Location: Ashland, Oregon
841 posts, read 594,189 times
Reputation: 2687
Many thanks for all your replies - I read each and every one of them and appreciate the time taken to offer me such sage advice.

My house will be put on the market for $750k. I hope to net around $500k after all the fees are paid, mortgage, etc. This is all the money I will have in the world but am fortunate enough to have income from my spouse's pension and SS which ads up to around $3800/month.

There aren't many apartment buildings in my area and I don't want to rent a house that the owner will want to sell in a few years. I want to stay put.

Nice rentals around here are in the $2k range and there are slim pickings.

A lovely retirement (55 plus) neighborhood is being built nearby. The houses are new construction.
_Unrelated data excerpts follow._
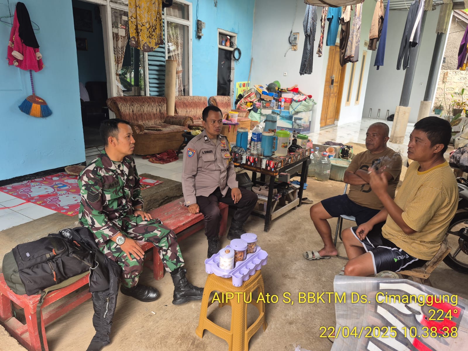Cimanggung_Sumedang. Bhabinkamtibmas Desa Tegalmanggung Polsek Cimanggung Polres Sumedang Polda Jabar BRIPKA ASEP SOPANDI dan Babinsa SERTU ENGKUS telah melaksanakan kegiatan sambang dan silaturahmi kamtibmas kewarga binaan Dalam rangka pelaksanaan BEYOND TRUST PRESISI. Selasa (22/04/2025). Adapun dalam kegiatan silaturahmi kamtibmas tersebut Bhabinkamtibmas menyampaikan pesan – pesan Kamtibmas kepada lingkungan sekitar, antara lain : • _Agar masyarakat bisa menjaga kesehatan sehubungan Musim pancaroba cuaca yang tak menentu_ – _Selalu menjaga keamanan dan ketertiban dilingkungan_- _Antisipasi lingkungan warga sekitar terutama yang rawan bencana alam banjir, tanah longsor , kebakaran lahan kosong dan pohon tumbang._- _Apabila ada kejadian atau hal hal yang penting segera melaporkan kepada Polsek terkait, Kepala Desa, Bhabinkamtibmas dan Babinsa._- _Bijak menggunakan media sosial dan filter terkait berita Hoax._Kegiatan berjalan aman dan lancar serta terjalinnya silaturahmi dan bersinergi antara warga masyarakat dengan pihak Polri.(Lia/Humas Polsek Cimanggung)
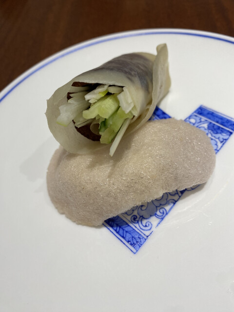 いゃ〜前菜から最後のデザートまで最高でした前菜の紹興酒で漬けたつぶ貝とマテ貝も良かったけど焼豚も秀品!後の海老の味の餡掛けやフカヒレの清湯スープもさっぱり和風な感じで良かったです!その後の北京ダック‼️そして上海蟹の味噌がたっぷり入った餡掛けは本当にやばかったです
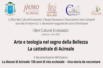ASSOCIAZIONE CENTO CAMPANILI - IL CALENDARIO DELLE LEZIONI CLICCA QUI_VIDEO INTERVISTA - PRESENTAZIONE CORSO_https://youtu.be/l6Haoiw7Qng L'Associazione Cento Campanili propone un corso di formazione su "I Beni Culturali Ecclesiastici" giunto alla decima edizione, dal titolo Arte e Teologia nel segno della Bellezza: la Cattedrale di Acireale. Infatti, il corso, che si svolgerà…
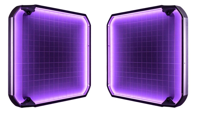 Two futuristic purple panels with grid screens and corner accents on black
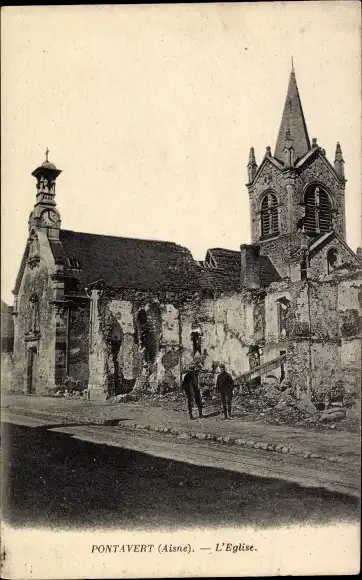 Ak Pontavert Aisne. L'Eglise, Kirche, Zerstörung, Ruine, Krieg
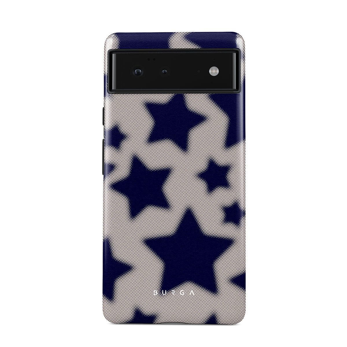 Rock a touch of '90s nostalgia with the Starstruck Google Pixel 6a phone case design. Its nude background is scattered with bold blue stars; each star hints at stories of hope and youthful dreams, blending simplicity with depth.
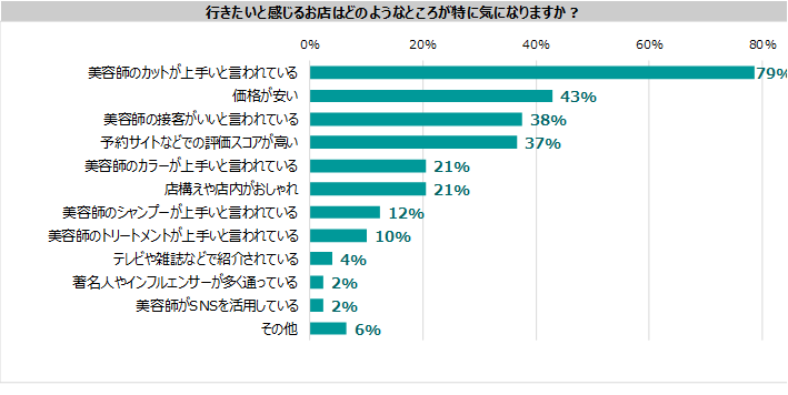 「美容師のカットが上手くなかった」「美容師の接客が良くなかった」が悪印象の要因として上位にきていることから、予約サイトで謳っている情報との差を感じさないような技術力やお客様の気持ちに寄り添った接客が大切なのではないでしょうか。
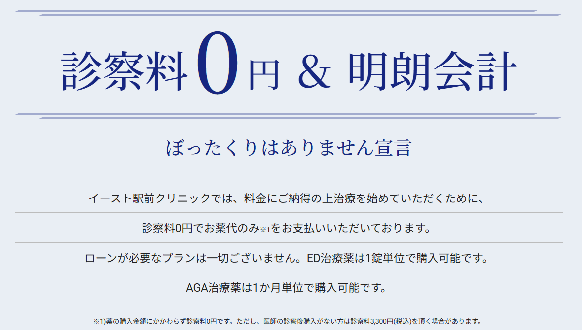 イースト駅前クリニックの大きな特徴は、予約不要で院内処方が受けられる点や、土日祝日も診察を行っている点です。スタッフは男性で統一されており、周囲の目が気になりにくい環境が整っています。診察料が無料であるため、来院ごとに余計な費用を心配する必要がなく、治療は処方される薬代のみで受けられる点も魅力です。
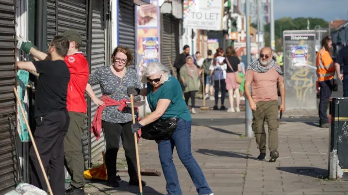 Members of the local community help to clear debris from the streets in Middlesbrough, north east England on August 5, 2024, following rioting and looting the day before. UK leader Keir Starmer warned far-right protesters on Sunday they would "regret" participating in England's worst rioting in 13 years, as disturbances linked to the murder of three children earlier this week flared across the country.
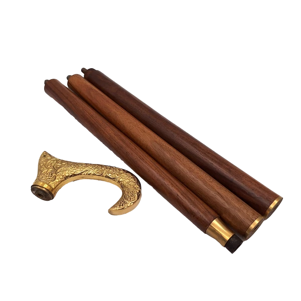 Materiał: drewniana laska, mosiężny uchwyt
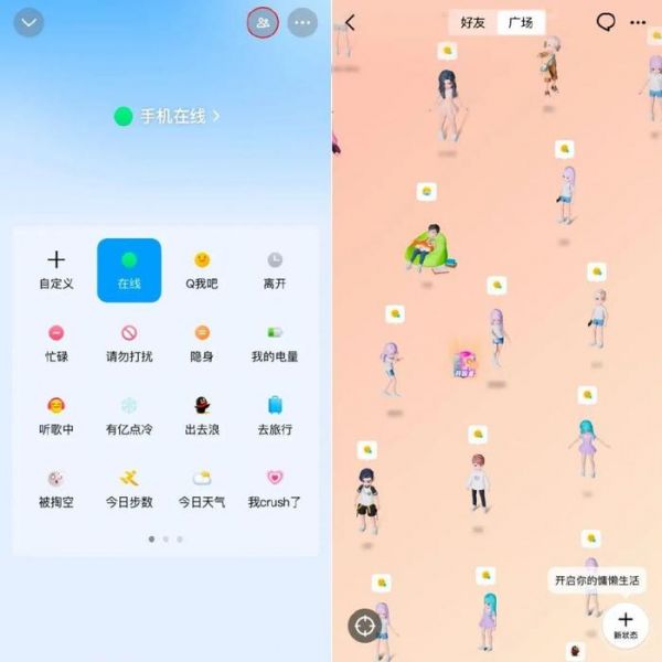 然而,该功能在实际使用中却存在一些问题,其中较为突出的就是其入口较深。用户需要先进入QQ顶部的状态选择界面,接着点击右上角的图标,然后在新出现的页面中才能找到“广场”入口,这在一定程度上影响了用户的使用体验和该功能的活跃度。
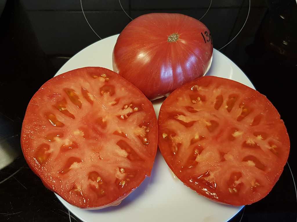1,8-2m hög planta. Mycket produktiv sort. Stora randiga frukter väger 200-400g. är söta med en pikant syrlighet som förbättrar smaken, god tomatarom med lätta fruktiga toner.
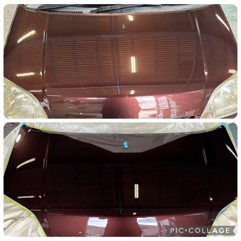 時間がとれたので社用車のダイハツ ミラのボンネットがシミになって洗車してもとれないので磨いてみました。(笑)磨き前と磨き後の比較をしたので投稿致します。(^_^)/磨き前と磨き後の光の進入角度が変わってし...
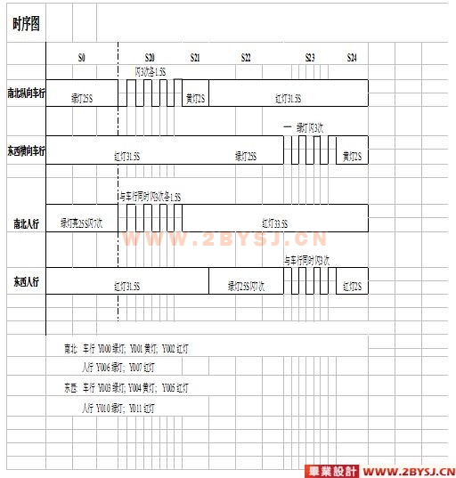 31.5秒。 2)横向车行道交通灯 红灯亮31.5秒 绿灯亮25秒 绿灯闪亮3次各1.5秒 黄灯亮2秒。 3)人行道交通灯 人行道没有黄灯,红灯较车行道红灯增加2秒;让人行道绿灯先闪亮7次,后3次与车行道同时闪亮,随后,车行道绿灯切换为黄灯。应完全能够仿真实际的交通灯控制。

The one I like will cost around $405k. There are some less expensive ones but smaller, like $385k. HOAs are $185/month and include maintenance (front yard) and a pool.

If I spend $405k on a house, my investment guru will have $100k to invest for me. That's it. All the cash I have. But there won't be a mortgage which is good.

The more I think about renting, the more I think it's time to stop worrying and just buy a house in the community I like. If I put it in trust for my kids then they can worry about paying realtor fees and all that stuff. Houses in those communities don't appreciate as much as non-55-plus homes. I am conscious of that.

If anyone is willing to offer any more advice on this subject, my ears are flapping to listen, lol.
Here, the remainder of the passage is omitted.